**WHAT IS NEEDED**.
No pictures belong in the answer. Repeat all the entries exactly.

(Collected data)
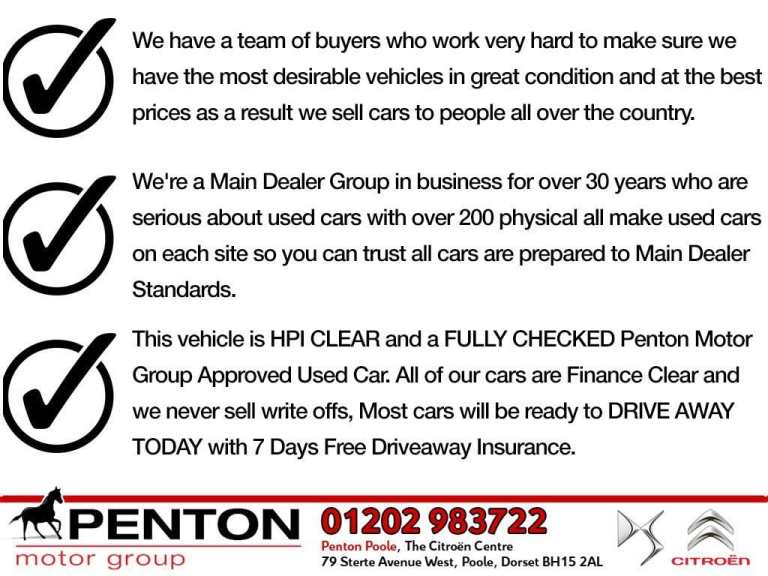 NEW SHAPE, 25 REG, VERY TOP SPEC MAX in AUTO with the SOUGHT AFTER 1.2 PURETECH EAT8 PETROL ENGINE, TOUCHSCREEN with APPLE CARPLAY and ANDROID AUTO, REAR SENSORS, CRUISE CONTROL, DUAL ZONE CLIMATE, KEYLESS ENTRY and START, HEAD UP DISPLAY, PRIVACY GLASS, LED HEADLIGHTS, CITROEN WARRANTY, LOOKS STUNNING in BLACK METALLIC, CITROEN MAIN DEALER, ASK ABOUT OUR 3 YEAR PENTON SERVICE PLAN NOW ONLY £699, We have a team of buyers who work very hard to make sure we have the most desirable vehicles in great condition and at the best prices as a result we sell cars to people all over the country, We're a Main Dealer Group in business for over 30 years who are serious about used cars with over 250 physical all make used cars on each site so you can trust all cars are prepared to MAIN DEALER STANDARDS, This vehicle is HPI CLEAR and a FULLY CHECKED Penton Motor Group Approved Used Car. All of our cars are Finance Clear and we never sell write offs, Most cars will be ready to DRIVE AWAY TODAY with 7 Days Free Driveaway Insurance. Finance Available. ALL PART EXCHANGES WELCOME. Warranty Included. Penton Citroen THE BIG Citroen Dealer. Citroen C4 instock including Exclusive. Selection. Feel. Flair. Edition. Platinum. Sense. Shine. Plus. Diesel. 110. 115. 120. 130.0Auto. Manual. ETG & EAT some Leather. Sat Nav. Sunroof. THE PENTON WHOLESALE PRICE:
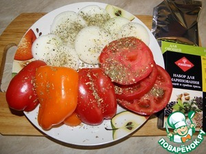 Помидоры и лук нарезать кружочками, перцы на части ( освободить от семечек).
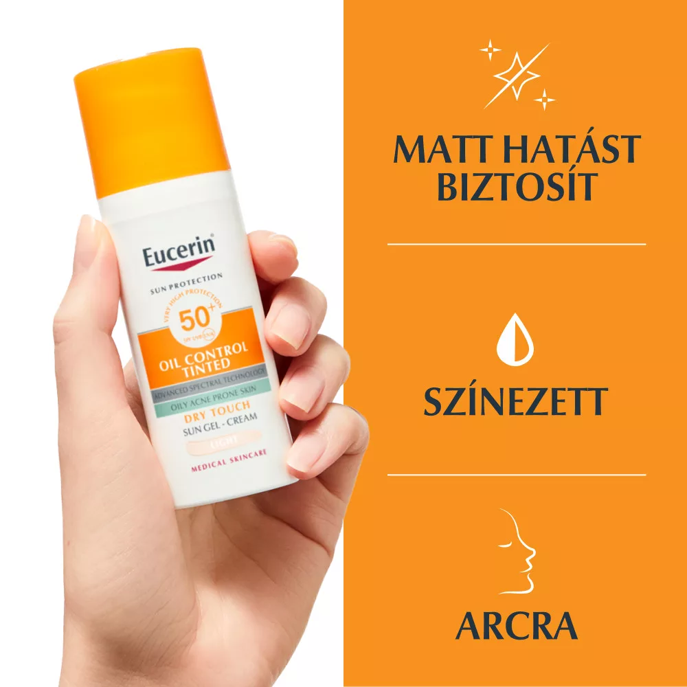 Az Eucerin Sun Oil Control színezett napozó gél-krém arcra light SPF50+ mindennapos használatra szánt, színezett fényvédő, amely hatékony védelmet és esztétikus megjelenést biztosít egyszerre. Ultrakönnyű, nem zsíros formulája a zsíros, aknéra hajlamos bőr igényeihez igazodik.
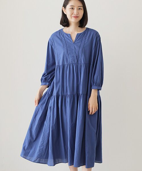裾に向けてだんだんとボリュームを出した三段ティアードのワンピースです。
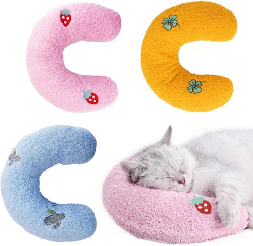 Multiple reviewers mentioned that these cat pillows are calming, well-made, and super soft. They feature a crescent-shaped design that can provide support for your cat’s cervical spine and neck. They’re fluffy and soft and feature a cute embroidered design. According to the brand, they can reduce anxiety and improve sleep. And, they can be tossed in your washer and dryer for easy cleaning.
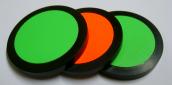 ??? CHIPFÄRBUNG ??? Sie erhalten 2 Normalchips in grün und orange und 2 Trickchips, die beiderseits in grün und orange vorgezeigt werden können (klappen) ! Aus Kunststoff Durchmesser ca. 3,5 cm. ROUTINE UNBEKANNT ! |
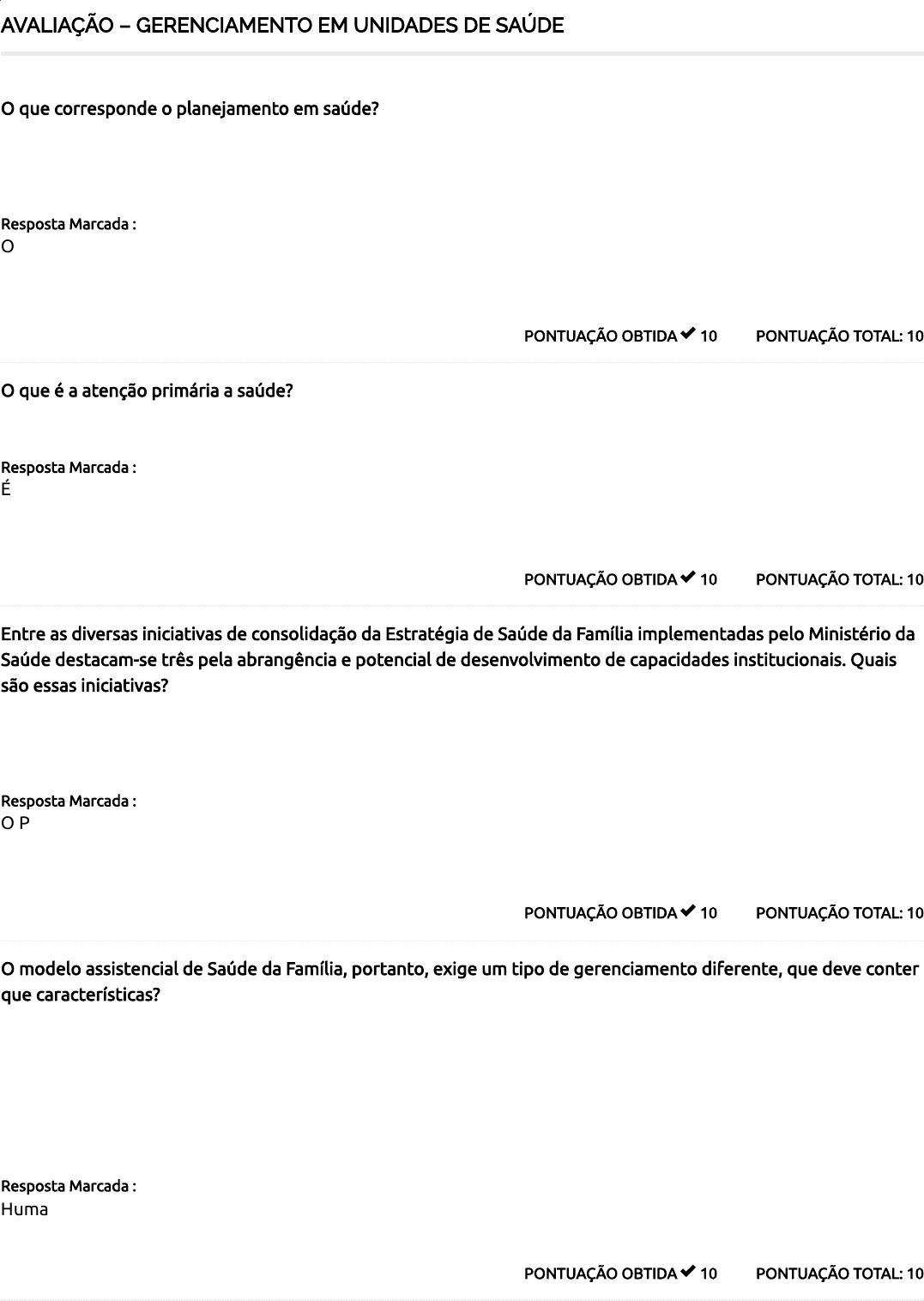 23/08/2023, 15:23 Course Status – Faculdade Facuvale https://ava.faculdadefacuvale.universaeducacional.com.br/course-status/ 1/3 AVALIAÇÃO – GERENCIAMENTO EM UNIDADES DE SAÚDE PONTUAÇÃO TOTAL: 10PONTUAÇÃO OBTIDA 10 O que corresponde o planejamento em saúde? Resposta Marcada : O planejamento em saúde, numa visão estratégica, se constitui num processo de caráter permanente e participativo, com uma dimensão técnica e política, que tem como produto – não acabado – um plano, que documenta e anuncia a política de saúde de�nida pelos diversos atares sociais envolvidos no processo. PONTUAÇÃO TOTAL: 10PONTUAÇÃO OBTIDA 10 O que é a atenção primária a saúde? Resposta Marcada : É entendida como o primeiro nível do sistema de serviços de saúde, devendo funcionar como porta de entrada preferencial, com ações resolutivas sobre os problemas de saúde, articulando-se com os demais níveis de complexidade, formando uma rede integrada de serviços. PONTUAÇÃO TOTAL: 10PONTUAÇÃO OBTIDA 10 Entre as diversas iniciativas de consolidação da Estratégia de Saúde da Família implementadas pelo Ministério da Saúde destacam-se três pela abrangência e potencial de desenvolvimento de capacidades institucionais. Quais são essas iniciativas? Resposta Marcada : O Projeto de Expansão e Consolidação da Estratégia Saúde da Família (PROESF), a implementação do projeto de Avaliação para Melhoria da Qualidade da Estratégia de Saúde da Família (AMQ) e o estudo de meta-avaliação comissionado pelo Ministério da Saúde para avaliação dos estudos de linha de base do Proesf PONTUAÇÃO TOTAL: 10PONTUAÇÃO OBTIDA 10 O modelo assistencial de Saúde da Família, portanto, exige um tipo de gerenciamento diferente, que deve conter que características? Resposta Marcada : Humanizado, sensível e dinâmico, embora devamos levar em conta os mesmos itens de uma organização com objetivos a serem atingidos. 23/08/2023, 15:23 Course Status – Faculdade Facuvale https://ava.faculdadefacuvale.universaeducacional.com.br/course-status/ 2/3 PONTUAÇÃO TOTAL: 10PONTUAÇÃO OBTIDA 10 Do que se trata a qualidade da saúde? Resposta Marcada : É o conjunto de práticas relacionadas aos cuidados globais comum em todos os âmbitos, desde a prevenção de doenças até a manutenção da qualidade. PONTUAÇÃO TOTAL: 10PONTUAÇÃO OBTIDA 10 O que compreende a organização dos serviços de saúde, segundo Mishima (1995)? Resposta Marcada : Compreende um conjunto de “ações” desenvolvidas com o objetivo de permitir a estruturação física e o desenvolvimento dos trabalhadores, através de uma alocação adequada dos recursos necessários para a prestação da assistência ã saúde da comunidade. PONTUAÇÃO TOTAL: 10PONTUAÇÃO OBTIDA 10 Qual é a função da administração de recursos de materiais no gerenciamento em unidade de saúde? Resposta Marcada : A gerência dos recursos materiais tem como objetivo coordenar todas as atividades necessárias para garantir o suprimento de equipamentos, materiais e medicamentos em todos os setores, de maneira que a prestação de seus serviços não sofra interrupções prejudiciais à clientela. PONTUAÇÃO TOTAL: 10PONTUAÇÃO OBTIDA 10 Quais as atividades do gerenciamento dos recursos humanos em unidades de saúde? Resposta Marcada : A administração de recursos humanos compreende as atividades de dimensionamento de pessoal, elaboração de escalas, supervisão, avaliação de desempenho e educação continuada. 23/08/2023, 15:23 Course Status – Faculdade Facuvale https://ava.faculdadefacuvale.universaeducacional.com.br/course-status/ 3/3 100 / 100 PONTUAÇÃO TOTAL: 10PONTUAÇÃO OBTIDA 10 O gerente pode usar para realizar o processo de supervisão em uma unidade de saúde as seguintes técnicas: Resposta Marcada : Observação direta, revisão de documentos técnicos, avaliação qualitativa dos serviços, entrevistas com clientes, trabalhadores e comunidade; orientação: reunião e avaliação quantitativa de dados. PONTUAÇÃO TOTAL: 10PONTUAÇÃO OBTIDA 10 É através de que recursos que a ESF comprova sua capacidade de modi�car a realidade, ampliando o acesso, melhorando índices de saúde e atuando diretamente sobre a vida das pessoas, de acordo com a realidade local? Resposta Marcada : Dos indicadores de saúde do município e do resultado das ferramentas de avaliação. Total
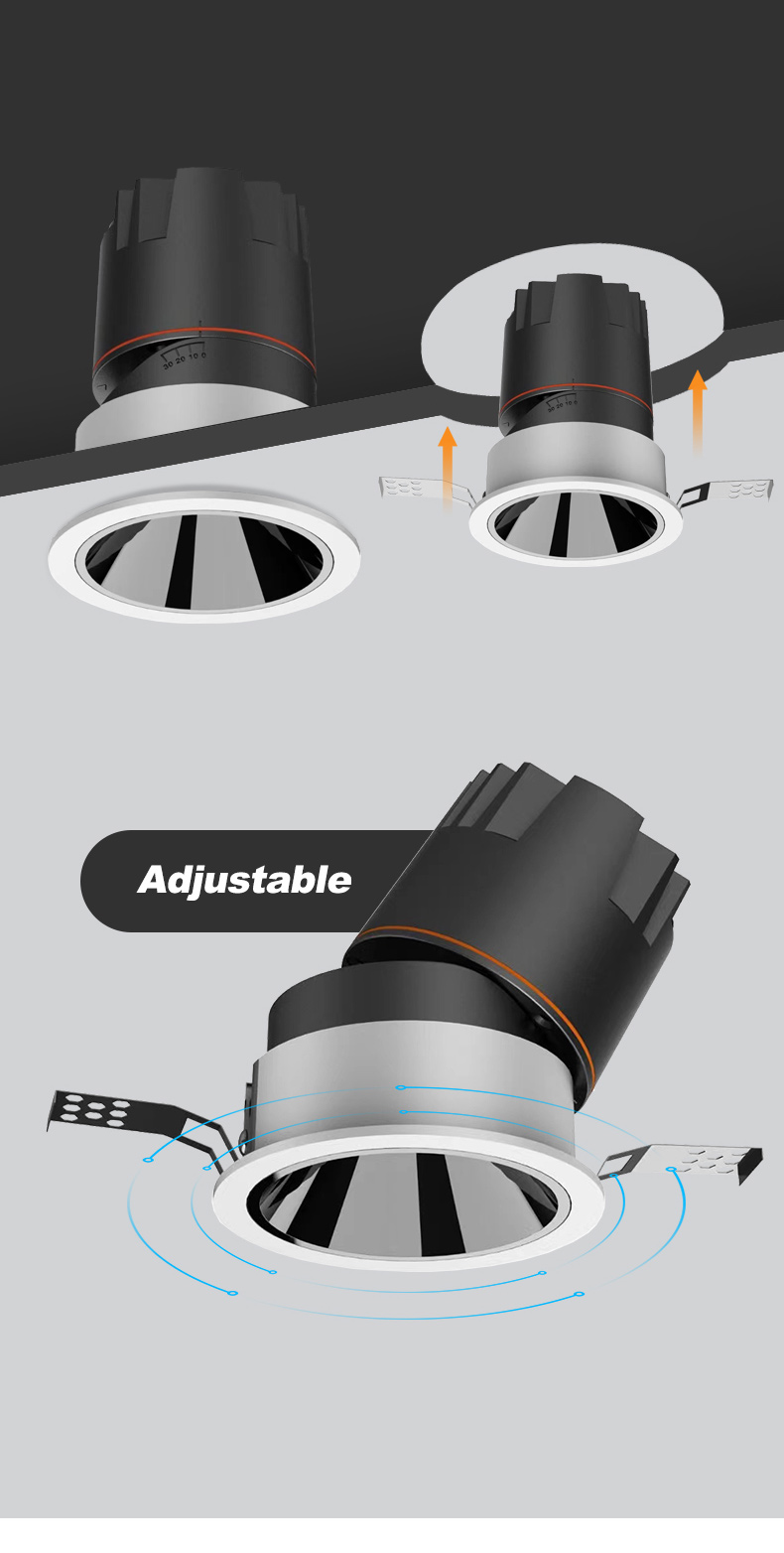 2700K 3000K 3500K 4000K 5000k 3 4 6 8 inch led recessed dimmable office adjustable downlight basin light panel ceiling light

**RESPONSE TO THE TASK**.
 NEW SHAPE, 25 REG, VERY TOP SPEC MAX in AUTO with the SOUGHT AFTER 1.2 PURETECH EAT8 PETROL ENGINE, TOUCHSCREEN with APPLE CARPLAY and ANDROID AUTO, REAR SENSORS, CRUISE CONTROL, DUAL ZONE CLIMATE, KEYLESS ENTRY and START, HEAD UP DISPLAY, PRIVACY GLASS, LED HEADLIGHTS, CITROEN WARRANTY, LOOKS STUNNING in BLACK METALLIC, CITROEN MAIN DEALER, ASK ABOUT OUR 3 YEAR PENTON SERVICE PLAN NOW ONLY £699, We have a team of buyers who work very hard to make sure we have the most desirable vehicles in great condition and at the best prices as a result we sell cars to people all over the country, We're a Main Dealer Group in business for over 30 years who are serious about used cars with over 250 physical all make used cars on each site so you can trust all cars are prepared to MAIN DEALER STANDARDS, This vehicle is HPI CLEAR and a FULLY CHECKED Penton Motor Group Approved Used Car. All of our cars are Finance Clear and we never sell write offs, Most cars will be ready to DRIVE AWAY TODAY with 7 Days Free Driveaway Insurance. Finance Available. ALL PART EXCHANGES WELCOME. Warranty Included. Penton Citroen THE BIG Citroen Dealer. Citroen C4 instock including Exclusive. Selection. Feel. Flair. Edition. Platinum. Sense. Shine. Plus. Diesel. 110. 115. 120. 130.0Auto. Manual. ETG & EAT some Leather. Sat Nav. Sunroof. THE PENTON WHOLESALE PRICE:
 Помидоры и лук нарезать кружочками, перцы на части ( освободить от семечек).
 Az Eucerin Sun Oil Control színezett napozó gél-krém arcra light SPF50+ mindennapos használatra szánt, színezett fényvédő, amely hatékony védelmet és esztétikus megjelenést biztosít egyszerre. Ultrakönnyű, nem zsíros formulája a zsíros, aknéra hajlamos bőr igényeihez igazodik.
裾に向けてだんだんとボリュームを出した三段ティアードのワンピースです。
 Multiple reviewers mentioned that these cat pillows are calming, well-made, and super soft. They feature a crescent-shaped design that can provide support for your cat’s cervical spine and neck. They’re fluffy and soft and feature a cute embroidered design. According to the brand, they can reduce anxiety and improve sleep. And, they can be tossed in your washer and dryer for easy cleaning.
 ??? CHIPFÄRBUNG ??? Sie erhalten 2 Normalchips in grün und orange und 2 Trickchips, die beiderseits in grün und orange vorgezeigt werden können (klappen) ! Aus Kunststoff Durchmesser ca. 3,5 cm. ROUTINE UNBEKANNT ! |
 23/08/2023, 15:23 Course Status – Faculdade Facuvale https://ava.faculdadefacuvale.universaeducacional.com.br/course-status/ 1/3 AVALIAÇÃO – GERENCIAMENTO EM UNIDADES DE SAÚDE PONTUAÇÃO TOTAL: 10PONTUAÇÃO OBTIDA 10 O que corresponde o planejamento em saúde? Resposta Marcada : O planejamento em saúde, numa visão estratégica, se constitui num processo de caráter permanente e participativo, com uma dimensão técnica e política, que tem como produto – não acabado – um plano, que documenta e anuncia a política de saúde de�nida pelos diversos atares sociais envolvidos no processo. PONTUAÇÃO TOTAL: 10PONTUAÇÃO OBTIDA 10 O que é a atenção primária a saúde? Resposta Marcada : É entendida como o primeiro nível do sistema de serviços de saúde, devendo funcionar como porta de entrada preferencial, com ações resolutivas sobre os problemas de saúde, articulando-se com os demais níveis de complexidade, formando uma rede integrada de serviços. PONTUAÇÃO TOTAL: 10PONTUAÇÃO OBTIDA 10 Entre as diversas iniciativas de consolidação da Estratégia de Saúde da Família implementadas pelo Ministério da Saúde destacam-se três pela abrangência e potencial de desenvolvimento de capacidades institucionais. Quais são essas iniciativas? Resposta Marcada : O Projeto de Expansão e Consolidação da Estratégia Saúde da Família (PROESF), a implementação do projeto de Avaliação para Melhoria da Qualidade da Estratégia de Saúde da Família (AMQ) e o estudo de meta-avaliação comissionado pelo Ministério da Saúde para avaliação dos estudos de linha de base do Proesf PONTUAÇÃO TOTAL: 10PONTUAÇÃO OBTIDA 10 O modelo assistencial de Saúde da Família, portanto, exige um tipo de gerenciamento diferente, que deve conter que características? Resposta Marcada : Humanizado, sensível e dinâmico, embora devamos levar em conta os mesmos itens de uma organização com objetivos a serem atingidos. 23/08/2023, 15:23 Course Status – Faculdade Facuvale https://ava.faculdadefacuvale.universaeducacional.com.br/course-status/ 2/3 PONTUAÇÃO TOTAL: 10PONTUAÇÃO OBTIDA 10 Do que se trata a qualidade da saúde? Resposta Marcada : É o conjunto de práticas relacionadas aos cuidados globais comum em todos os âmbitos, desde a prevenção de doenças até a manutenção da qualidade. PONTUAÇÃO TOTAL: 10PONTUAÇÃO OBTIDA 10 O que compreende a organização dos serviços de saúde, segundo Mishima (1995)? Resposta Marcada : Compreende um conjunto de “ações” desenvolvidas com o objetivo de permitir a estruturação física e o desenvolvimento dos trabalhadores, através de uma alocação adequada dos recursos necessários para a prestação da assistência ã saúde da comunidade. PONTUAÇÃO TOTAL: 10PONTUAÇÃO OBTIDA 10 Qual é a função da administração de recursos de materiais no gerenciamento em unidade de saúde? Resposta Marcada : A gerência dos recursos materiais tem como objetivo coordenar todas as atividades necessárias para garantir o suprimento de equipamentos, materiais e medicamentos em todos os setores, de maneira que a prestação de seus serviços não sofra interrupções prejudiciais à clientela. PONTUAÇÃO TOTAL: 10PONTUAÇÃO OBTIDA 10 Quais as atividades do gerenciamento dos recursos humanos em unidades de saúde? Resposta Marcada : A administração de recursos humanos compreende as atividades de dimensionamento de pessoal, elaboração de escalas, supervisão, avaliação de desempenho e educação continuada. 23/08/2023, 15:23 Course Status – Faculdade Facuvale https://ava.faculdadefacuvale.universaeducacional.com.br/course-status/ 3/3 100 / 100 PONTUAÇÃO TOTAL: 10PONTUAÇÃO OBTIDA 10 O gerente pode usar para realizar o processo de supervisão em uma unidade de saúde as seguintes técnicas: Resposta Marcada : Observação direta, revisão de documentos técnicos, avaliação qualitativa dos serviços, entrevistas com clientes, trabalhadores e comunidade; orientação: reunião e avaliação quantitativa de dados. PONTUAÇÃO TOTAL: 10PONTUAÇÃO OBTIDA 10 É através de que recursos que a ESF comprova sua capacidade de modi�car a realidade, ampliando o acesso, melhorando índices de saúde e atuando diretamente sobre a vida das pessoas, de acordo com a realidade local? Resposta Marcada : Dos indicadores de saúde do município e do resultado das ferramentas de avaliação. Total
 2700K 3000K 3500K 4000K 5000k 3 4 6 8 inch led recessed dimmable office adjustable downlight basin light panel ceiling light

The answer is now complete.